And I just wanted to say, like I know for both of us, childhood is quite a ways ago, but I really am sorry for what happened with you as a kid.
That sounds, to want to be in prison is tough.
I have no regrets because I think I think I became a better person because of the challenges I faced in life.
I think that it's given me a sensitivity to things that I might not have a sensitivity to if I didn't go through what I went through.
So I insist, I think it made me a better person.
So it wasn't fun going through it, but...
I think the benefit I've had the rest of my life for going through it, I think, of course, at the time I was going through it, I didn't see the benefit.
But now, as I'm older and I have more maturity, hopefully, I'm able to now enjoy the benefit of living in a challenging environment.
And yes, it could have gone either way, and it's up to us to determine which way it goes.
That's life.
Yeah, but you're like the Samuel L. Jackson character in Pulp Fiction where the bullets just happen to go all around him rather than through him.
So the fact that you flourished, which is really testament, Jeff, to your great morals and resolution and willpower and maturity, but most people don't, right?
Most people do not flourish under situations of maltreatment as possible.
A child.
So you judoed that adversity into a positive, which is to your eternal credit and massive congratulations for changing that direction.
But most people don't.
You know, most people don't.
And so, as far as the solution goes, well, for me, of course, the solution is, you know, advocacy and education.

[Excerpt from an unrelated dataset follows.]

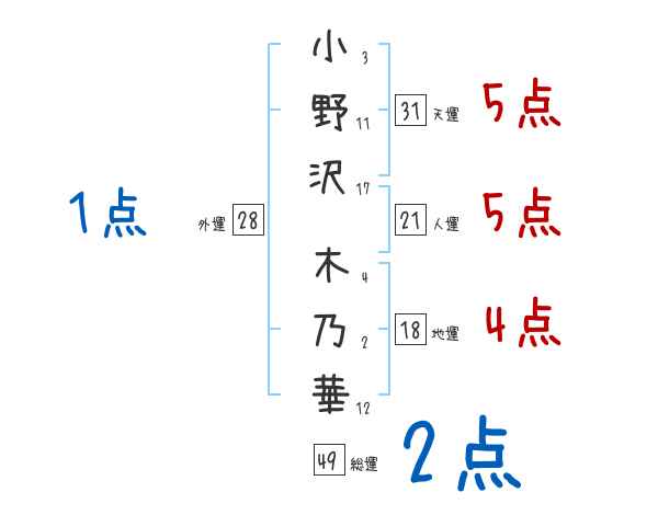 外運![]() | 小野沢木乃華さんの外運は28画の1つ星!家庭環境に注意。スポーツで活躍できる能力があるかも。 生活面を象徴する運勢です。外部から受ける影響力を表し、結婚運、家庭運や職場、環境への順応性を表します。 |

Not with the goal of saying, well, everybody who touches a child in anger is irredeemably evil.
I understand that people grow up with their own histories.
They believe that what they're doing is the right.
They may never have heard of the options.
In the same way that if I meet a guy who's a big fan of some government program, I don't say, evil!
Evil!
It's a matter of education and listening to people and having them understand that violence is really not the solution to our complex social problems.
It's not the solution for charity.
It's not the solution for drug addiction.
It's not the solution for other forms of social dysfunction.
It's not the solution for the military.
It's not the solution for children's education.
Violence is not the solution.
And it's no more the solution in the house than it is in the city.
Sorry, go ahead.
You and I are having this conversation on BitChute and what's the philosophical principle of BitChute.
The philosophical principle of BitChute is that I view demonetization and deplatforming as acts of violence.
So I think however unpleasant any conversation is, The only way to resolve any conflict, even if you don't resolve the conflict, at least you create a better sense of mutual understanding, is through dialogue.
And dialogue means what we're having right now.
We're each talking and we're each listening to the other person, and that's dialogue.
And I think the only hope for humanity, you know, is dialogue.
So that's what Bitshoot represents, is the fact is that people should never stop talking.
And anything that interferes with people being able to speak and somebody willing, ability to listen to that person who speaks.
To me, it is an act of violence.
And no acts of violence should be condoned.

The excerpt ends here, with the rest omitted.